● **Try it**
The required output is every line from the one containing "already been stored." through the last line of the listing below, copied exactly, pictures excluded.

● **Collected data**
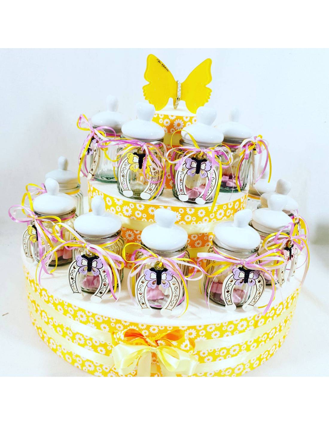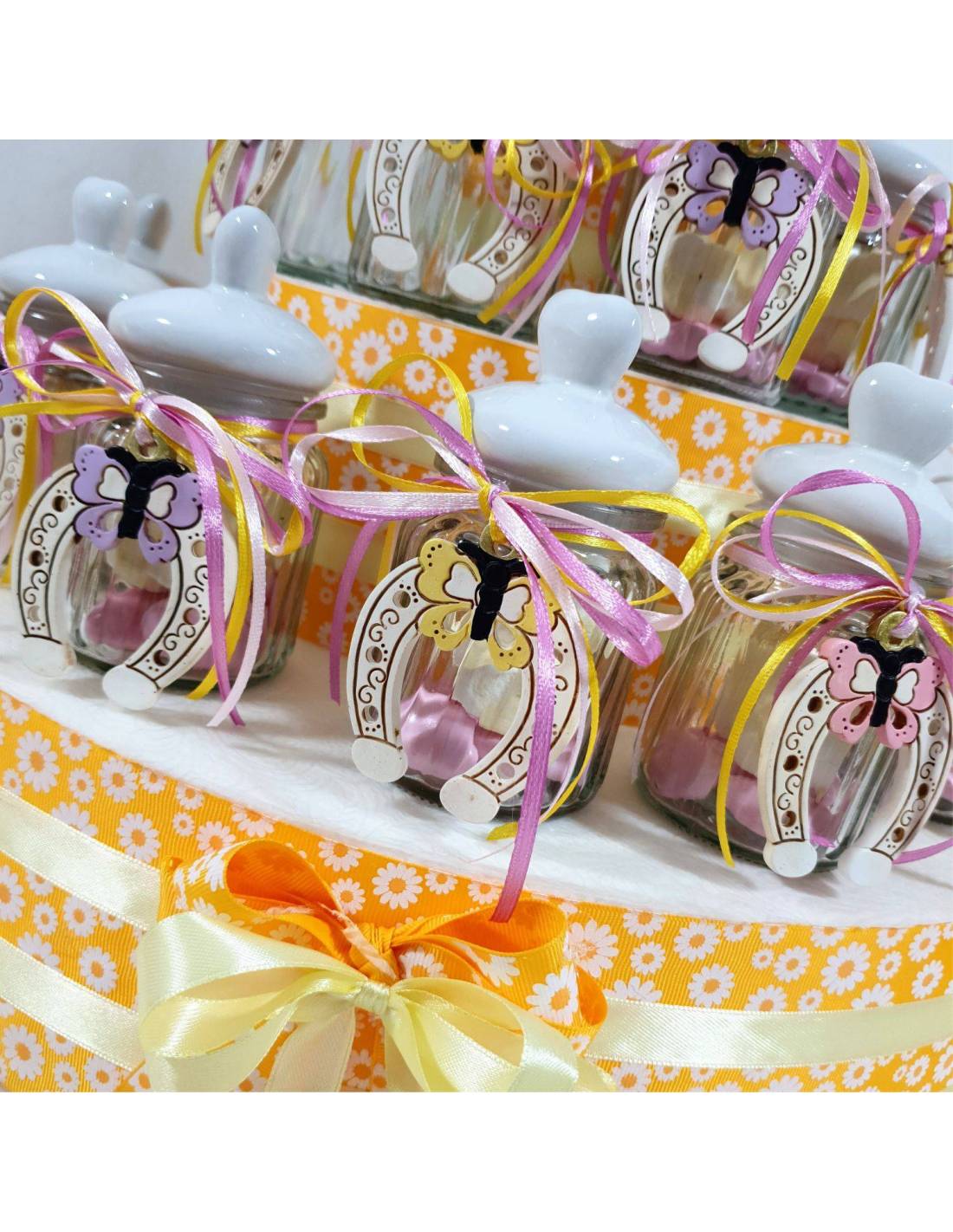 Vasetto con tappo in ceramica a forma di cuore con intorno nastri in raso e staffa di cavallo con farfallina, all'interno dei vasetti portaconfetti ci sono i marshmallow e i confetti al cioccolato. Il centrale a farfalla gialla è una bomboniera Gai Mattiolo che è compresa acquistando la struttura completa.
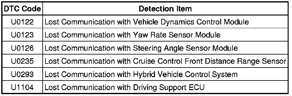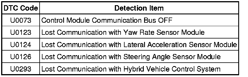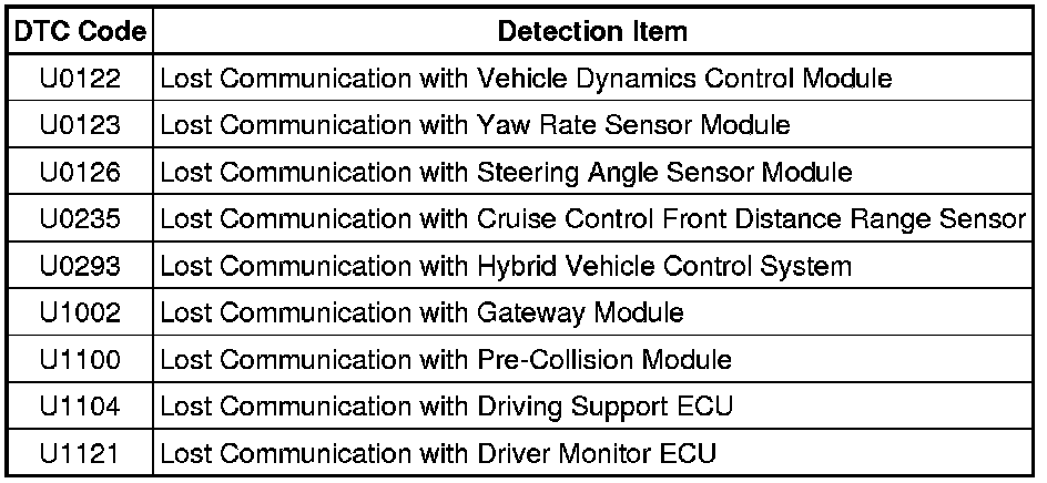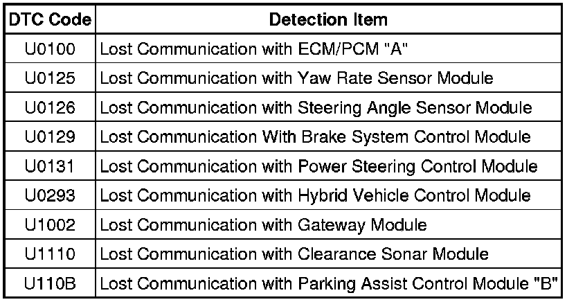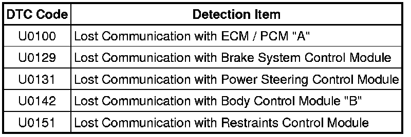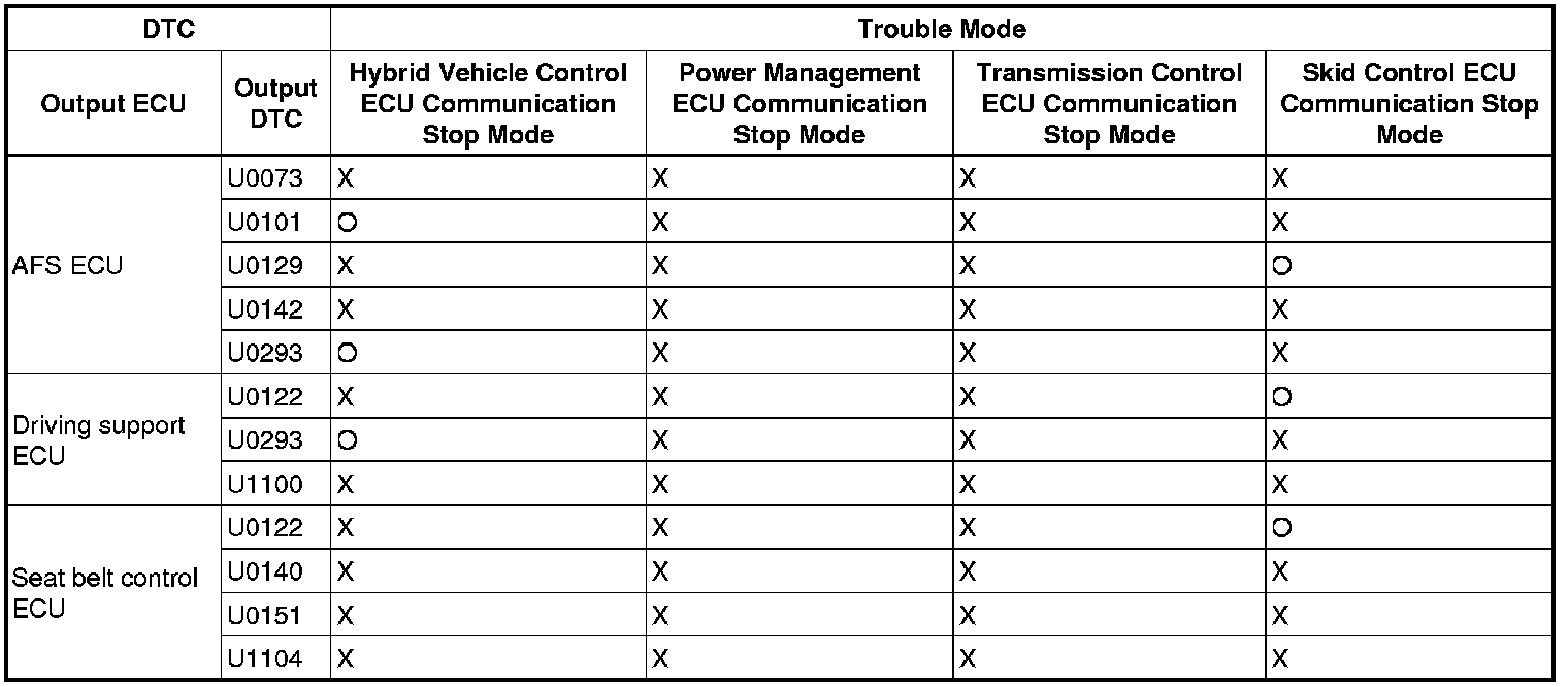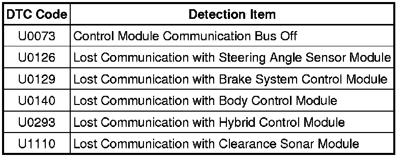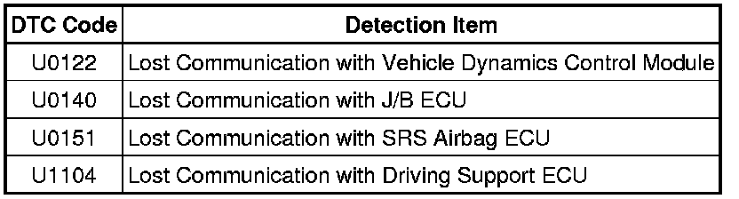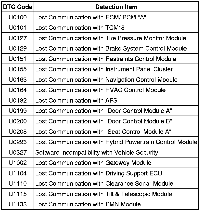 * *2: DTC U0100, U0123, U0124 and U0126 are not stored when DTC U0073 has already been stored.
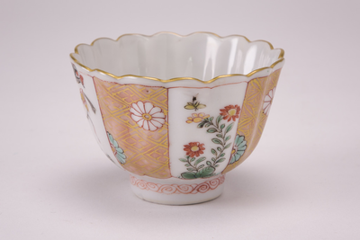 Famille verte kopje met gelobde golvende rand. Op de buitenzijde goudkleurige- en witte vlakken met bloemen. (Nederlands)

● **Answer to the problem**
 * *2: DTC U0100, U0123, U0124 and U0126 are not stored when DTC U0073 has already been stored.
 Famille verte kopje met gelobde golvende rand. Op de buitenzijde goudkleurige- en witte vlakken met bloemen. (Nederlands)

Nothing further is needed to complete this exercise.